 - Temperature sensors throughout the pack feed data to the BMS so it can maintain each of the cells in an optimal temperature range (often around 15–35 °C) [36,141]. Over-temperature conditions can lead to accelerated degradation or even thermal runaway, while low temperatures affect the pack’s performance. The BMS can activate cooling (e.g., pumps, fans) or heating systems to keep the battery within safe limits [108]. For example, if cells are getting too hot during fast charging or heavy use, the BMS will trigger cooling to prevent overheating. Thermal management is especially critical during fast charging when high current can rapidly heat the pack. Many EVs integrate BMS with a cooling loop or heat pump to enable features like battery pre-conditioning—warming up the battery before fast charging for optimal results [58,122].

^^^^

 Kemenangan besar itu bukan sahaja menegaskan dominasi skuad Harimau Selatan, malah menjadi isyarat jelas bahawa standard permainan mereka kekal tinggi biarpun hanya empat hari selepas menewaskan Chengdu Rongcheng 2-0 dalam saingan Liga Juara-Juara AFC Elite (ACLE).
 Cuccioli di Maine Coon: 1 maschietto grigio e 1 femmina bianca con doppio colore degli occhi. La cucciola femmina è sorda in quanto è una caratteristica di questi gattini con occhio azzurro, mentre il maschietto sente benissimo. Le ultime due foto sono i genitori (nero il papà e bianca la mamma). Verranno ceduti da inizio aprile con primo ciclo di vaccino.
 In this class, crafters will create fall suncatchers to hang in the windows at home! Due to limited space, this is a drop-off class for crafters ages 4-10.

^^^^

- Required work: The response must contain each line above that holds the string "will".

- Task answer:
 - Temperature sensors throughout the pack feed data to the BMS so it can maintain each of the cells in an optimal temperature range (often around 15–35 °C) [36,141]. Over-temperature conditions can lead to accelerated degradation or even thermal runaway, while low temperatures affect the pack’s performance. The BMS can activate cooling (e.g., pumps, fans) or heating systems to keep the battery within safe limits [108]. For example, if cells are getting too hot during fast charging or heavy use, the BMS will trigger cooling to prevent overheating. Thermal management is especially critical during fast charging when high current can rapidly heat the pack. Many EVs integrate BMS with a cooling loop or heat pump to enable features like battery pre-conditioning—warming up the battery before fast charging for optimal results [58,122].
 In this class, crafters will create fall suncatchers to hang in the windows at home! Due to limited space, this is a drop-off class for crafters ages 4-10.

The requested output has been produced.